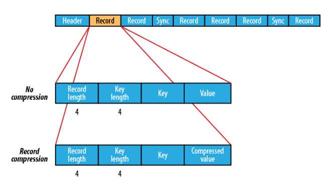 Record结构中包含Record长度、key长度、key值和value值。Sync充斥在Record之间,其作用主要是用于文件位置定位,具体定位方式是:如果提供的文件读取位置不是记录的边界可能在一个Record中间,在实际定位时会定位到所提供位置处之后的第一个Sync边界位置,并从该Sync点往后读相应长度的数据,如果提供的读取位置往后没有Sync边界点,则直接跳转文件末尾;如果提供的文件读取位置是Record边界,则直接从该位置开始读取指定长度的数据。另一种文件定位方式是seek, 这种方式则要求所提供的读取位置是record的边界位置,不然在读取迭代读取下一个位置时会出错。
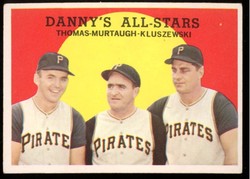 1959 Topps Baseball Danny's All-Stars Card (#17) Featuring Former Pittsburgh Pirates Frank Thomas, Danny Murtaugh and Ted Kluszewski. Card is EX+ with some corner wear and no creases. No writing, pin holes, tape stains. See scan for centering.
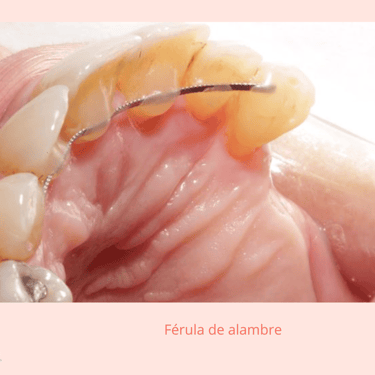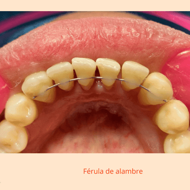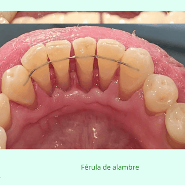 Procedimiento: Colocación de una férula que une varios dientes, proporcionando soporte y estabilidad.
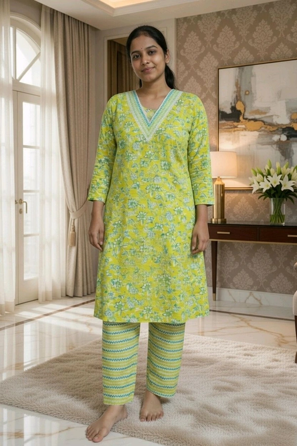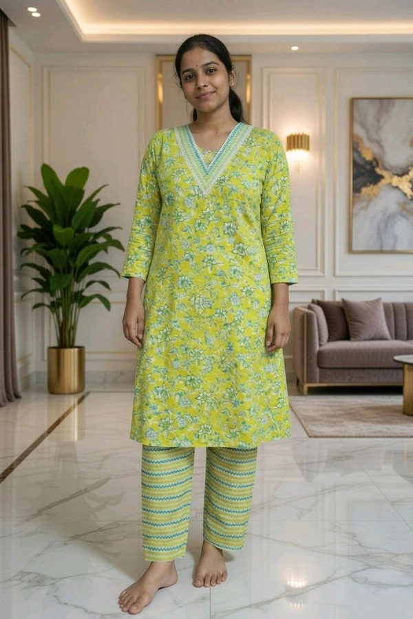 Stylish Lemon Yellow Floral Kurti with Matching Pant Set. Made of soft and breathable cotton fabric. Features trendy V-cut front neck and round back neck design. Knee-below length kurti with comfortable straight pant. Perfect for daily and casual wear. Available in XXL size.
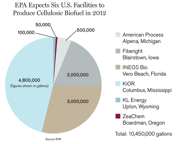 2012年,環(huán)境保護(hù)局認(rèn)為,根據(jù)它的分析,有六套設(shè)備今年計(jì)劃上線,這一新生產(chǎn)業(yè)的產(chǎn)能接近1050萬(wàn)加侖,相比之下,初定的目標(biāo)是5億加侖。上面的圖表也表明:根據(jù)公司和設(shè)施情況,環(huán)保局下調(diào)了預(yù)測(cè),就是對(duì)2012年纖維質(zhì)生物燃料產(chǎn)量的預(yù)測(cè)。
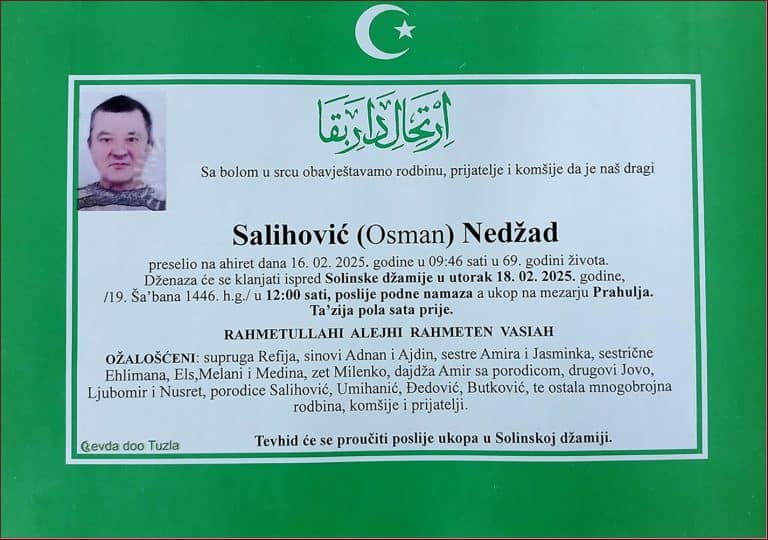 Dženaza će se klanjati ispred Solinske džamije, u utorak, 18. februara 2025. godine, u 12 sati...
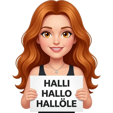 sexy girl with long wavy ginger hair and ginger eyes wearing a black tanktop is holding a white sign with HALLI HALLO HALLÖLE written on it emoji

# # # # # # #

## Exercise requirements
Beginning with the line that holds "Dženaza će se" and continuing to the end of the entries above, set down each line exactly, both ends included; include no pictures.

## Response to this task
 Dženaza će se klanjati ispred Solinske džamije, u utorak, 18. februara 2025. godine, u 12 sati...
 sexy girl with long wavy ginger hair and ginger eyes wearing a black tanktop is holding a white sign with HALLI HALLO HALLÖLE written on it emoji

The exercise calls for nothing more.